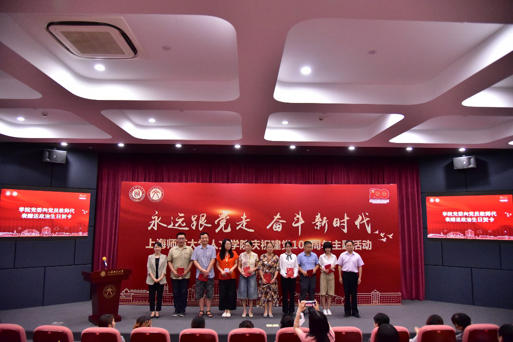 活动中,学院党委向教师党员代表赠送政治生日卡片,希望党员们能始终以初心强信心,永葆党员先进本色。
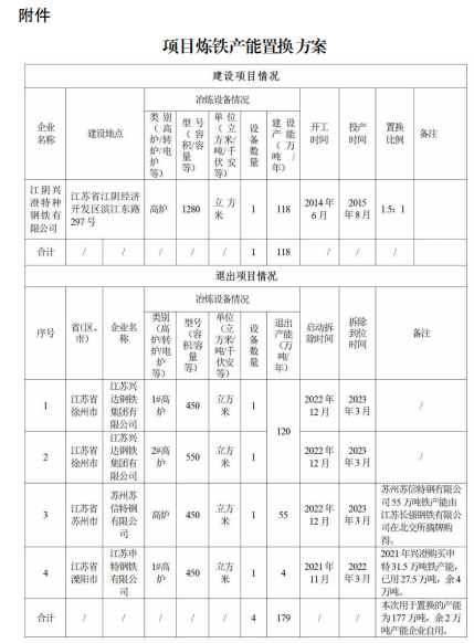 據(jù)江蘇省工業(yè)和信息化廳2月6日發(fā)布,按照《國務(wù)院關(guān)于化解產(chǎn)能嚴(yán)重過剩矛盾的指導(dǎo)意見》、《國務(wù)院關(guān)于鋼鐵行業(yè)化解過剩產(chǎn)能實(shí)現(xiàn)脫困發(fā)展的意見》和《鋼鐵行業(yè)產(chǎn)能置換實(shí)施辦法》要求,我廳自2022年12月27日至2023年1月29日對江陰興澄特種鋼鐵有限公司高爐項(xiàng)目產(chǎn)能置換方案進(jìn)行了公示,公示期間收到的異議已按程序進(jìn)行了處理。現(xiàn)予公告,歡迎社會公眾進(jìn)行監(jiān)督。
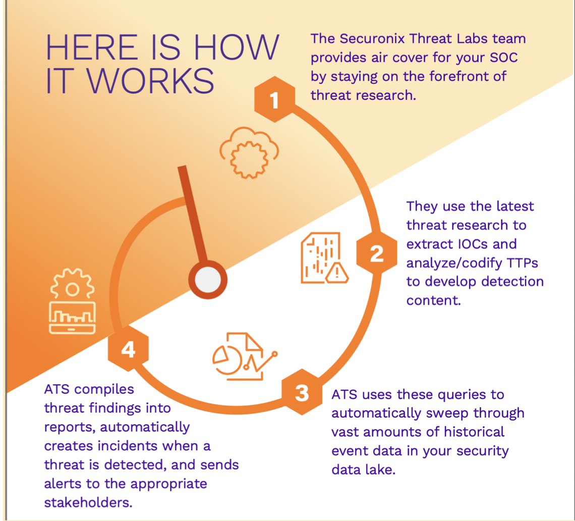 ATS leverages the latest threat research from Securonix Threat Labs to automate assessing your exposure and initiating incident response. Combining human-driven threat intelligence curation with autonomous and automated post-hoc detection, it empowers your team with the ability to
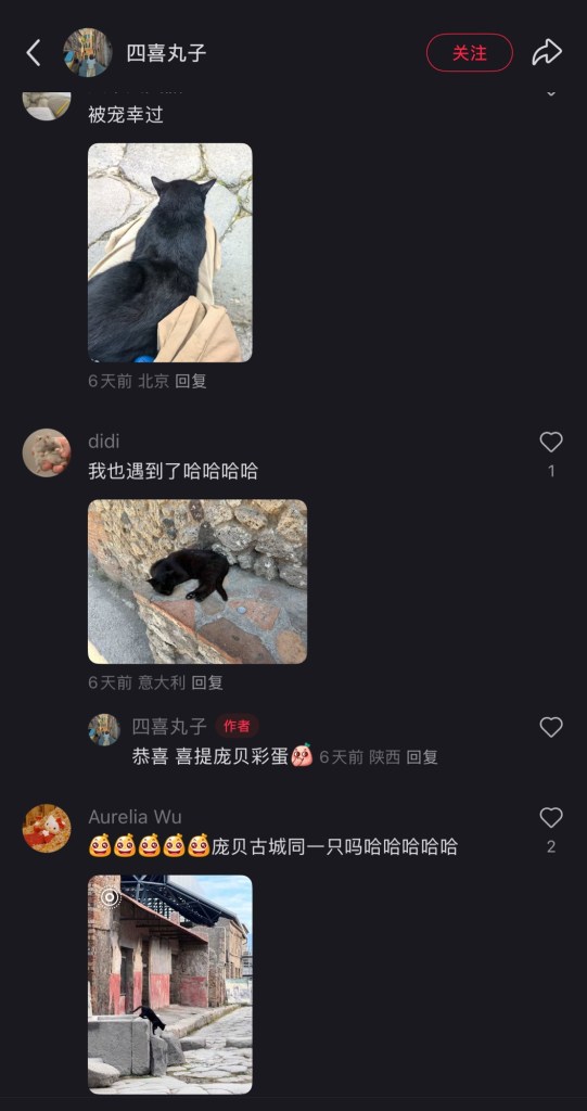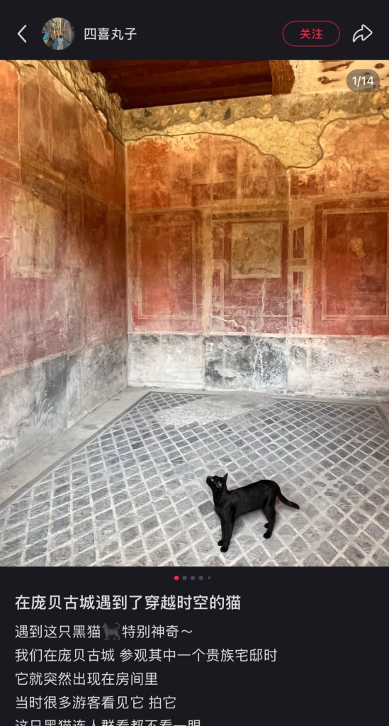 The black cat, which spotted in pompeii, turns out to be a celebraty cat on RedNotes. By observing the toe beans, I confirm that these two are the same cat! I could spent my whole entire day sitting next to her. If If we were to say Rome is the territory of the birds, then Herculaneum and Pompeii are definitely the territory of the cats. Would you rather be a bird living in Rome or be a cat living in Herculaneum/Pompeii? Woo, decision, decision.

▸ **TASK PROMPT**
Print every line of the listing exactly, please, and leave the images out.

▸ **ANSWER SECTION**
 活动中,学院党委向教师党员代表赠送政治生日卡片,希望党员们能始终以初心强信心,永葆党员先进本色。
 據(jù)江蘇省工業(yè)和信息化廳2月6日發(fā)布,按照《國務(wù)院關(guān)于化解產(chǎn)能嚴(yán)重過剩矛盾的指導(dǎo)意見》、《國務(wù)院關(guān)于鋼鐵行業(yè)化解過剩產(chǎn)能實(shí)現(xiàn)脫困發(fā)展的意見》和《鋼鐵行業(yè)產(chǎn)能置換實(shí)施辦法》要求,我廳自2022年12月27日至2023年1月29日對江陰興澄特種鋼鐵有限公司高爐項(xiàng)目產(chǎn)能置換方案進(jìn)行了公示,公示期間收到的異議已按程序進(jìn)行了處理。現(xiàn)予公告,歡迎社會公眾進(jìn)行監(jiān)督。
 ATS leverages the latest threat research from Securonix Threat Labs to automate assessing your exposure and initiating incident response. Combining human-driven threat intelligence curation with autonomous and automated post-hoc detection, it empowers your team with the ability to
 The black cat, which spotted in pompeii, turns out to be a celebraty cat on RedNotes. By observing the toe beans, I confirm that these two are the same cat! I could spent my whole entire day sitting next to her. If If we were to say Rome is the territory of the birds, then Herculaneum and Pompeii are definitely the territory of the cats. Would you rather be a bird living in Rome or be a cat living in Herculaneum/Pompeii? Woo, decision, decision.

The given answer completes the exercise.